Data for this exercise
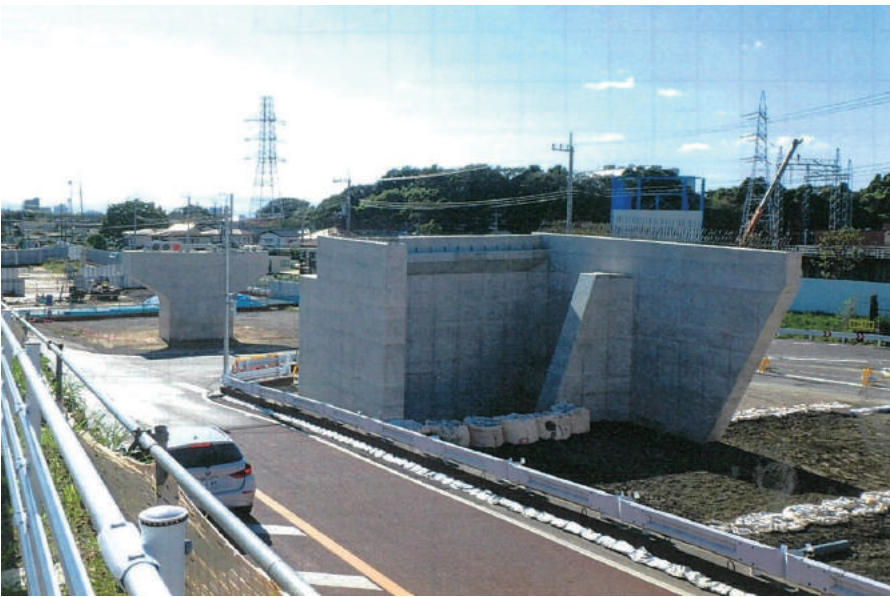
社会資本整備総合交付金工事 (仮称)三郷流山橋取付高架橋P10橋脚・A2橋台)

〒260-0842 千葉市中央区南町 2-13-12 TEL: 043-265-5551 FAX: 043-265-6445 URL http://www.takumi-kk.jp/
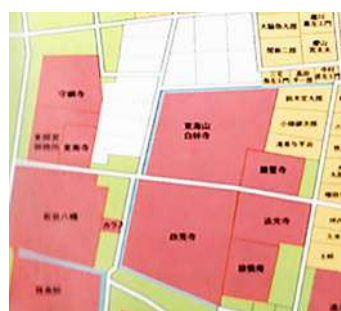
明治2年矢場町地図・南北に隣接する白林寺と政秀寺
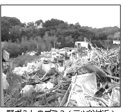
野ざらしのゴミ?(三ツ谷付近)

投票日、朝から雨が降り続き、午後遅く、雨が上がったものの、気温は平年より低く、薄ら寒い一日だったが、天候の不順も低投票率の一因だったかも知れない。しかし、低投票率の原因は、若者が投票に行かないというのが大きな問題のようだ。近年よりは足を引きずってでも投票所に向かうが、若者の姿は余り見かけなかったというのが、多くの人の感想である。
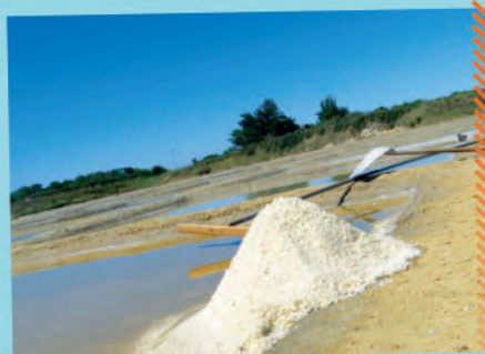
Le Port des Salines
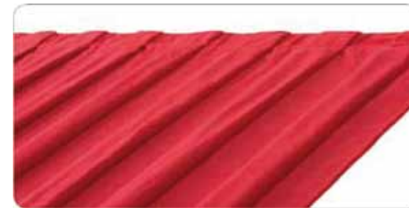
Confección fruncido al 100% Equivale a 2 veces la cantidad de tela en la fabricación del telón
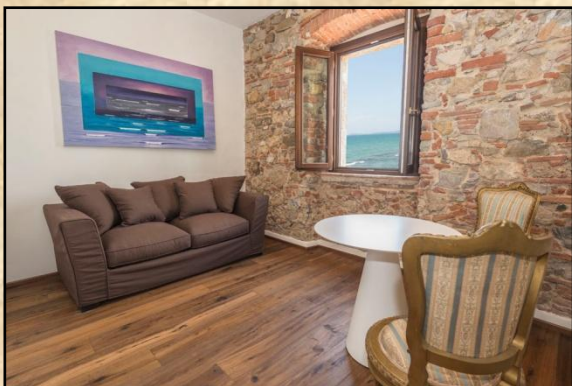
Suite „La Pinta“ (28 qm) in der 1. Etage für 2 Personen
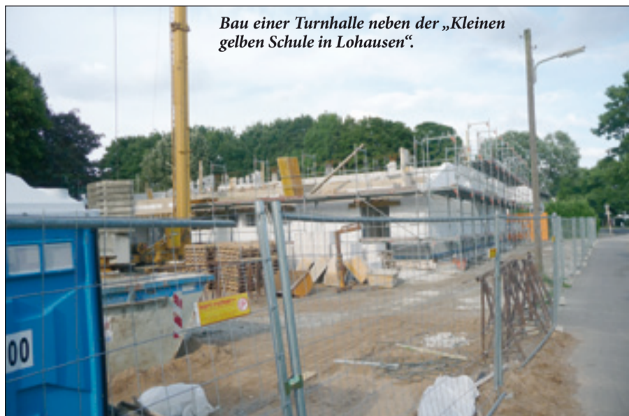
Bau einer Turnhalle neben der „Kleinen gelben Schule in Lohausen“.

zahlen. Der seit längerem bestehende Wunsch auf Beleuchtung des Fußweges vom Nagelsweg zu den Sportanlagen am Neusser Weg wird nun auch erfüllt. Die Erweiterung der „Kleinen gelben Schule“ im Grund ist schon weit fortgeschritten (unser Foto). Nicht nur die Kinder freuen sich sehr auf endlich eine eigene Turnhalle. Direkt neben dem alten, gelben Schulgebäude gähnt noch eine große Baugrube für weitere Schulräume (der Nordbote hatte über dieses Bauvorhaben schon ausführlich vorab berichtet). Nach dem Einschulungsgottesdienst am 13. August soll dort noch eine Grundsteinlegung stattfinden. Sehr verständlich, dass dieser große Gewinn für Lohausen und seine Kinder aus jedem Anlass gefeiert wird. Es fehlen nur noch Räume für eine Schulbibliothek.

Aim of the task
Copy the listing above word for word. Do not include the pictures.

Solution
社会資本整備総合交付金工事 (仮称)三郷流山橋取付高架橋P10橋脚・A2橋台)

〒260-0842 千葉市中央区南町 2-13-12 TEL: 043-265-5551 FAX: 043-265-6445 URL http://www.takumi-kk.jp/
明治2年矢場町地図・南北に隣接する白林寺と政秀寺
野ざらしのゴミ?(三ツ谷付近)

投票日、朝から雨が降り続き、午後遅く、雨が上がったものの、気温は平年より低く、薄ら寒い一日だったが、天候の不順も低投票率の一因だったかも知れない。しかし、低投票率の原因は、若者が投票に行かないというのが大きな問題のようだ。近年よりは足を引きずってでも投票所に向かうが、若者の姿は余り見かけなかったというのが、多くの人の感想である。
Le Port des Salines
Confección fruncido al 100% Equivale a 2 veces la cantidad de tela en la fabricación del telón
Suite „La Pinta“ (28 qm) in der 1. Etage für 2 Personen
Bau einer Turnhalle neben der „Kleinen gelben Schule in Lohausen“.

zahlen. Der seit längerem bestehende Wunsch auf Beleuchtung des Fußweges vom Nagelsweg zu den Sportanlagen am Neusser Weg wird nun auch erfüllt. Die Erweiterung der „Kleinen gelben Schule“ im Grund ist schon weit fortgeschritten (unser Foto). Nicht nur die Kinder freuen sich sehr auf endlich eine eigene Turnhalle. Direkt neben dem alten, gelben Schulgebäude gähnt noch eine große Baugrube für weitere Schulräume (der Nordbote hatte über dieses Bauvorhaben schon ausführlich vorab berichtet). Nach dem Einschulungsgottesdienst am 13. August soll dort noch eine Grundsteinlegung stattfinden. Sehr verständlich, dass dieser große Gewinn für Lohausen und seine Kinder aus jedem Anlass gefeiert wird. Es fehlen nur noch Räume für eine Schulbibliothek.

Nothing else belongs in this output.